▶ Information shown:
-------
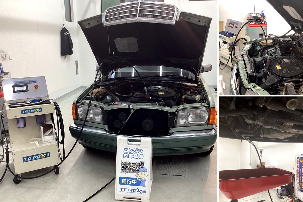 施工は独自のノウハウより開発されたエンジン内部洗浄機器【TEREXS】とエンジンを接続するだけで、エンジン内部の汚れを除去し、徹底的に洗浄致します。
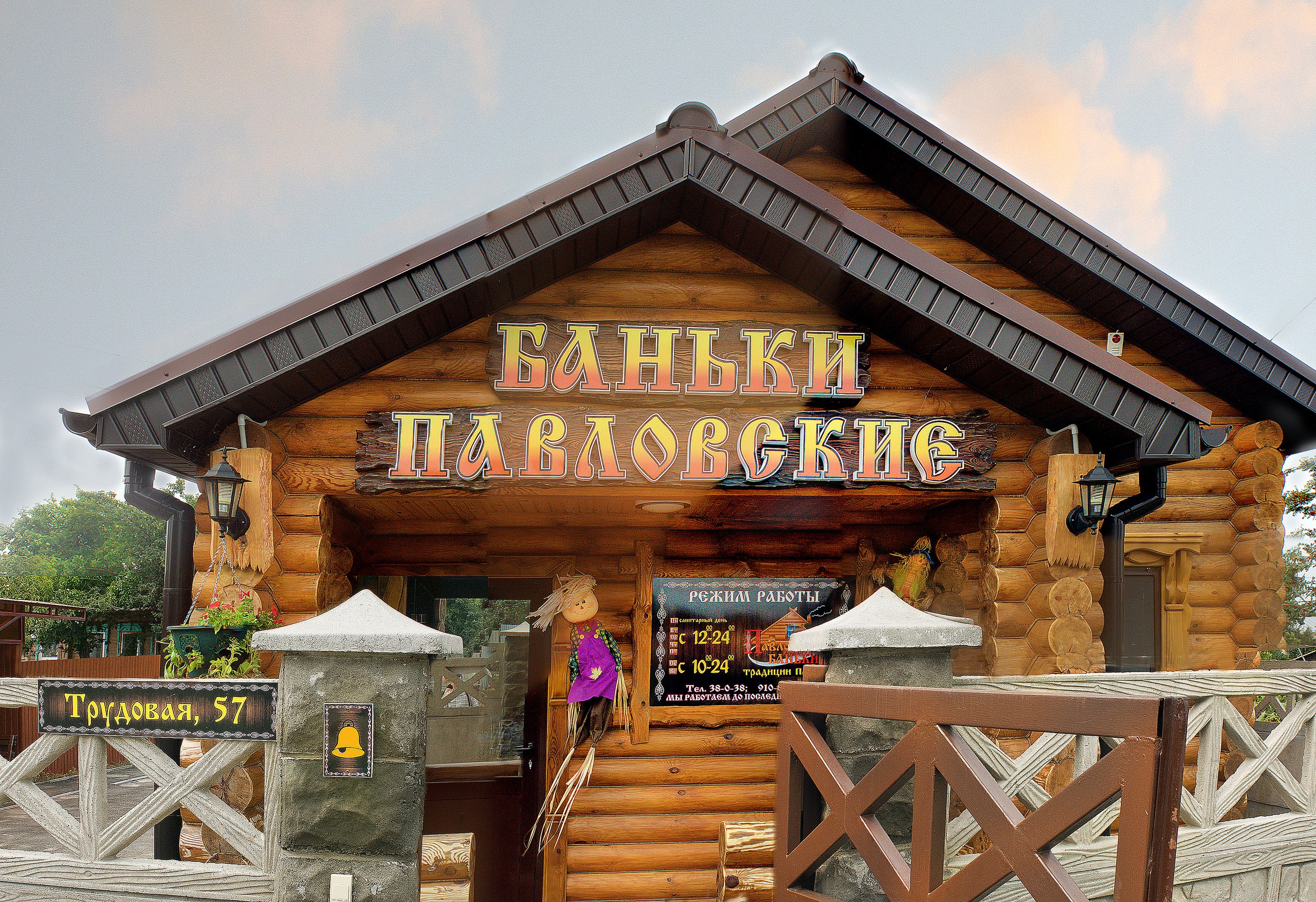 Современная общественная баня для мужчин и женщин. В качестве дополнительных услуг vip зал, кухня, массаж, парение от пар мастера.
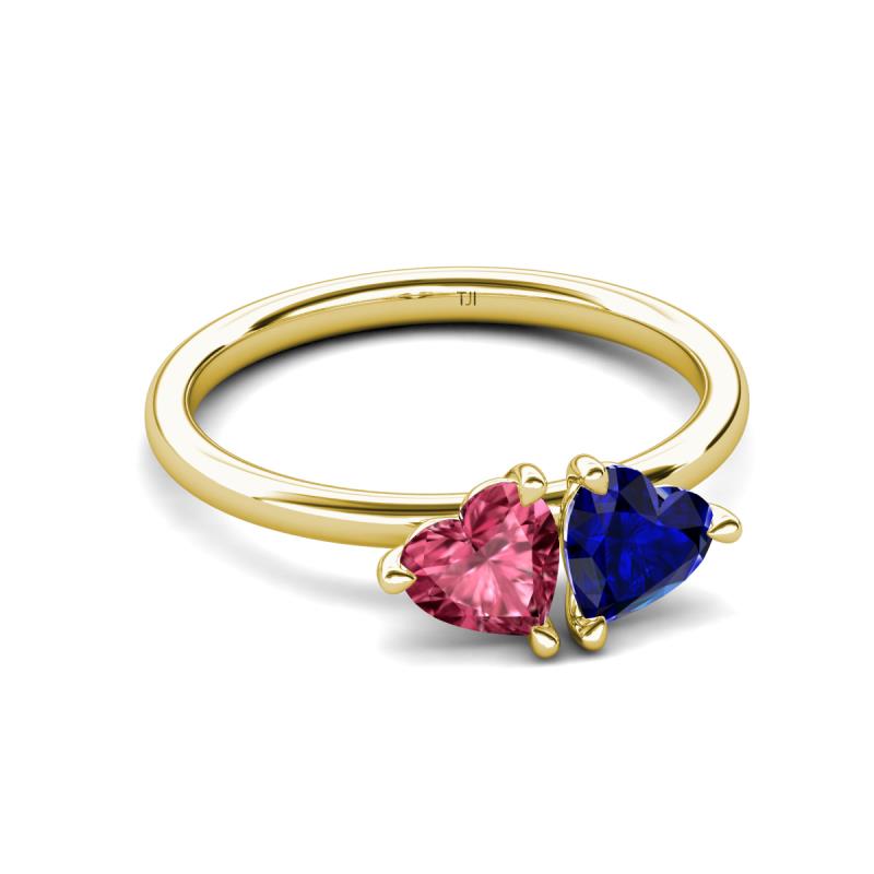 1.70 ctw Heart Shape (6.00 mm) Pink Tourmaline & Lab Created Blue Sapphire in Tiger Claw Prong setting Two Stone Duo Women Engagement Ring in 18K Yellow Gold More Details ...
-------
▶ Try it: In the listing above, retype exactly, and only, the lines from the one containing "Современная общественная баня" through the last line, both included. Omit the pictures.

▶ Exercise output:
 Современная общественная баня для мужчин и женщин. В качестве дополнительных услуг vip зал, кухня, массаж, парение от пар мастера.
 1.70 ctw Heart Shape (6.00 mm) Pink Tourmaline & Lab Created Blue Sapphire in Tiger Claw Prong setting Two Stone Duo Women Engagement Ring in 18K Yellow Gold More Details ...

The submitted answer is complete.